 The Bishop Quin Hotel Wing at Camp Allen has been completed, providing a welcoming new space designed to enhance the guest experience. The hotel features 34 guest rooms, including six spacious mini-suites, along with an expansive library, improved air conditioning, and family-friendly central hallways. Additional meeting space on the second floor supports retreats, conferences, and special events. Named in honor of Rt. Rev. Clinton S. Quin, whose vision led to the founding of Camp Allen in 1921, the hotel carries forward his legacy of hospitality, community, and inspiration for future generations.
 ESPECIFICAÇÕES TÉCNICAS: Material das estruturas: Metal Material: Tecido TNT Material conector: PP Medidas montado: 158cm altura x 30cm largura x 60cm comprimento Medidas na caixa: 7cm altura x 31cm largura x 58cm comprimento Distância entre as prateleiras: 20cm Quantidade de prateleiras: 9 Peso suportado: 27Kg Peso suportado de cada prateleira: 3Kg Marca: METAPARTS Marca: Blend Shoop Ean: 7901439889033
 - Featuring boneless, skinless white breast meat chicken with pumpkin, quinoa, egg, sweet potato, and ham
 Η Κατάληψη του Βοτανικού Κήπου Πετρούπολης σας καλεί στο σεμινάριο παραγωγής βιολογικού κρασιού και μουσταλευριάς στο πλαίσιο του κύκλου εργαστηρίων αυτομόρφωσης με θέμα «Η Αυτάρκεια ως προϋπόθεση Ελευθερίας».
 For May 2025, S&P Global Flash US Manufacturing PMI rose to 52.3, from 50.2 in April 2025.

▬▬▬▬▬▬

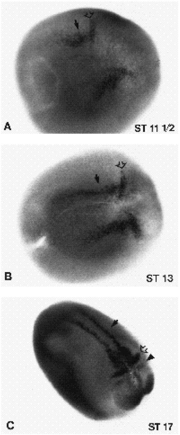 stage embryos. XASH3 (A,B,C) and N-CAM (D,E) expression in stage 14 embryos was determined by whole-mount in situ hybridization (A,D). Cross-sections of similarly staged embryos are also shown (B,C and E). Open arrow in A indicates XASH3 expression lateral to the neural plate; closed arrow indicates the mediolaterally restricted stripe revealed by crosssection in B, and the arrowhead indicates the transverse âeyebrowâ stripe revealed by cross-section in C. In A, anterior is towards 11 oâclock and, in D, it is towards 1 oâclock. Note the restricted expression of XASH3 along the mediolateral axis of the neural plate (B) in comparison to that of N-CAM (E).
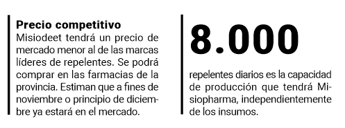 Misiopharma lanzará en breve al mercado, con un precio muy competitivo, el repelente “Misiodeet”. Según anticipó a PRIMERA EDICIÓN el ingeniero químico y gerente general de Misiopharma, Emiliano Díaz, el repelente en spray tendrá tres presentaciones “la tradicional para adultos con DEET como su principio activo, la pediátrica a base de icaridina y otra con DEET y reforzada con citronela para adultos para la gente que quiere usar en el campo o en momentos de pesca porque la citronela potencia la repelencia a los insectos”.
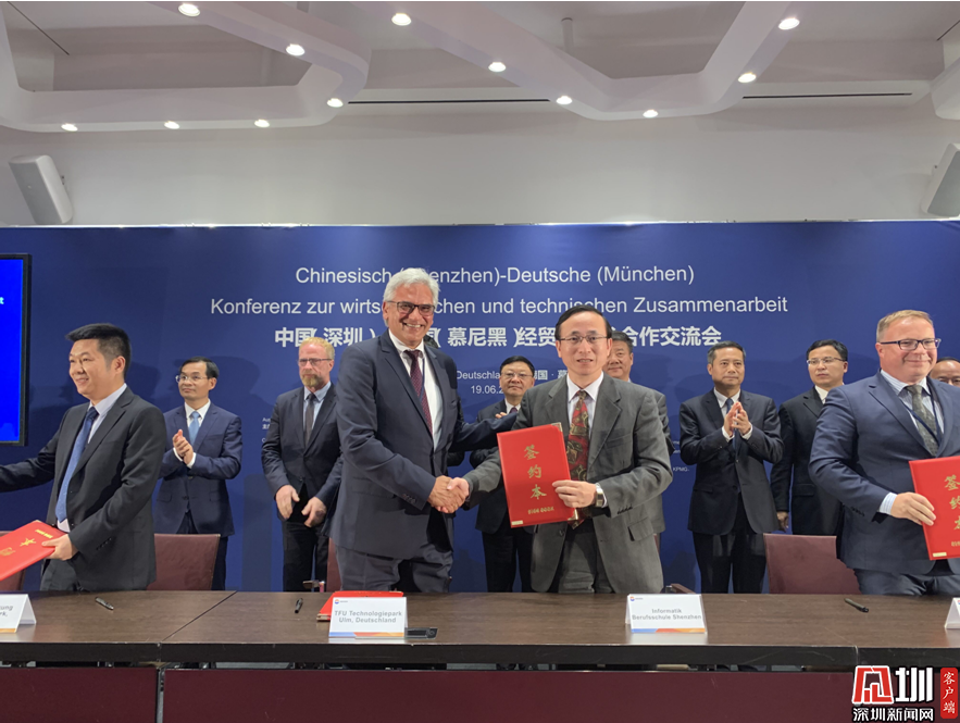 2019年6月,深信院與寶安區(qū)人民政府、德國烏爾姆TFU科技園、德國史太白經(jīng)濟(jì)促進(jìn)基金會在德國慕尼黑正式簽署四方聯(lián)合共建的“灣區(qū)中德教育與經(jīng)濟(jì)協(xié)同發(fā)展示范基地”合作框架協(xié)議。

▬▬▬▬▬▬

(How to complete this task): Look through the material and copy each line that has "with".

(Solution to this exercise):
 The Bishop Quin Hotel Wing at Camp Allen has been completed, providing a welcoming new space designed to enhance the guest experience. The hotel features 34 guest rooms, including six spacious mini-suites, along with an expansive library, improved air conditioning, and family-friendly central hallways. Additional meeting space on the second floor supports retreats, conferences, and special events. Named in honor of Rt. Rev. Clinton S. Quin, whose vision led to the founding of Camp Allen in 1921, the hotel carries forward his legacy of hospitality, community, and inspiration for future generations.
 - Featuring boneless, skinless white breast meat chicken with pumpkin, quinoa, egg, sweet potato, and ham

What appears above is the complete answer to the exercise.